**Data shown**:
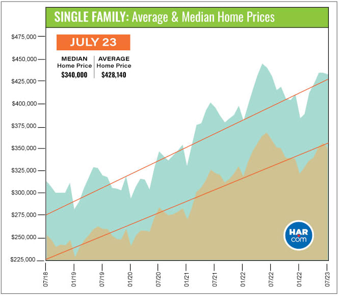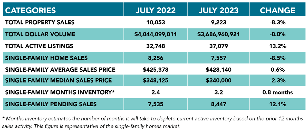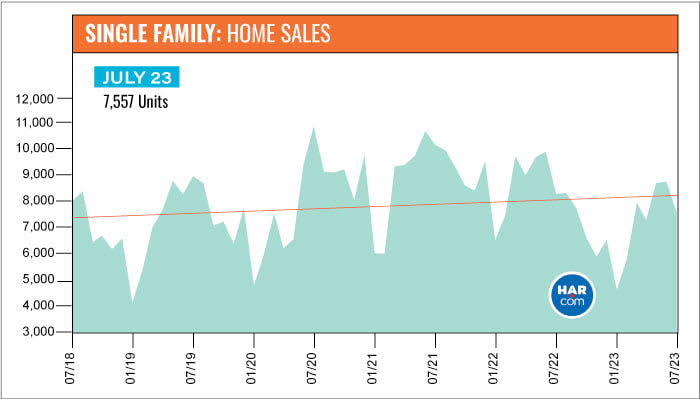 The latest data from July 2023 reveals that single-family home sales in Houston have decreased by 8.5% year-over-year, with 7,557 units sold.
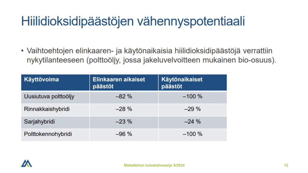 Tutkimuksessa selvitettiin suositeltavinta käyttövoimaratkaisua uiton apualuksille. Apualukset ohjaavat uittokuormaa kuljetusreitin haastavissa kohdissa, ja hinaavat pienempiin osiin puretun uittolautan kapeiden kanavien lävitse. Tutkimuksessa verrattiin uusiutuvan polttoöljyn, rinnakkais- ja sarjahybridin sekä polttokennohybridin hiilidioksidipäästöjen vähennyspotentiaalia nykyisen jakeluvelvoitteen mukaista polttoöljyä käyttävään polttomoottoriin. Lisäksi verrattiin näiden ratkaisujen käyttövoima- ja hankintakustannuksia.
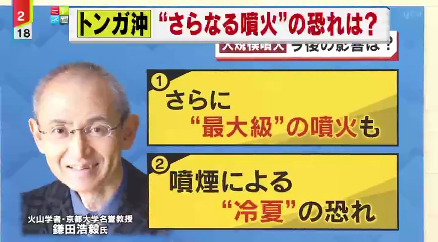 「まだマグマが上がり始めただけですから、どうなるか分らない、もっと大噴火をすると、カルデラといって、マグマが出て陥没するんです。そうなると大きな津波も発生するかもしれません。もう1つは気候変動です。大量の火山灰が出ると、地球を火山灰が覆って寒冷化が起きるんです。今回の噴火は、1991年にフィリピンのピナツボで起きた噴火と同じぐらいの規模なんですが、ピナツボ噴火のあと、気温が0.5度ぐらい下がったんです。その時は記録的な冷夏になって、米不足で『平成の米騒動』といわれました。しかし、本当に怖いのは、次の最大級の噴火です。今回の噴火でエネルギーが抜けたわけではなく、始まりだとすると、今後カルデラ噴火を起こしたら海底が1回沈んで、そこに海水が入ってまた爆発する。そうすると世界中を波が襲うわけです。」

**Your assignment**: Retype the entire listing exactly as it appears, dropping only the pictures.

**Written answer**:
 The latest data from July 2023 reveals that single-family home sales in Houston have decreased by 8.5% year-over-year, with 7,557 units sold.
 Tutkimuksessa selvitettiin suositeltavinta käyttövoimaratkaisua uiton apualuksille. Apualukset ohjaavat uittokuormaa kuljetusreitin haastavissa kohdissa, ja hinaavat pienempiin osiin puretun uittolautan kapeiden kanavien lävitse. Tutkimuksessa verrattiin uusiutuvan polttoöljyn, rinnakkais- ja sarjahybridin sekä polttokennohybridin hiilidioksidipäästöjen vähennyspotentiaalia nykyisen jakeluvelvoitteen mukaista polttoöljyä käyttävään polttomoottoriin. Lisäksi verrattiin näiden ratkaisujen käyttövoima- ja hankintakustannuksia.
 「まだマグマが上がり始めただけですから、どうなるか分らない、もっと大噴火をすると、カルデラといって、マグマが出て陥没するんです。そうなると大きな津波も発生するかもしれません。もう1つは気候変動です。大量の火山灰が出ると、地球を火山灰が覆って寒冷化が起きるんです。今回の噴火は、1991年にフィリピンのピナツボで起きた噴火と同じぐらいの規模なんですが、ピナツボ噴火のあと、気温が0.5度ぐらい下がったんです。その時は記録的な冷夏になって、米不足で『平成の米騒動』といわれました。しかし、本当に怖いのは、次の最大級の噴火です。今回の噴火でエネルギーが抜けたわけではなく、始まりだとすると、今後カルデラ噴火を起こしたら海底が1回沈んで、そこに海水が入ってまた爆発する。そうすると世界中を波が襲うわけです。」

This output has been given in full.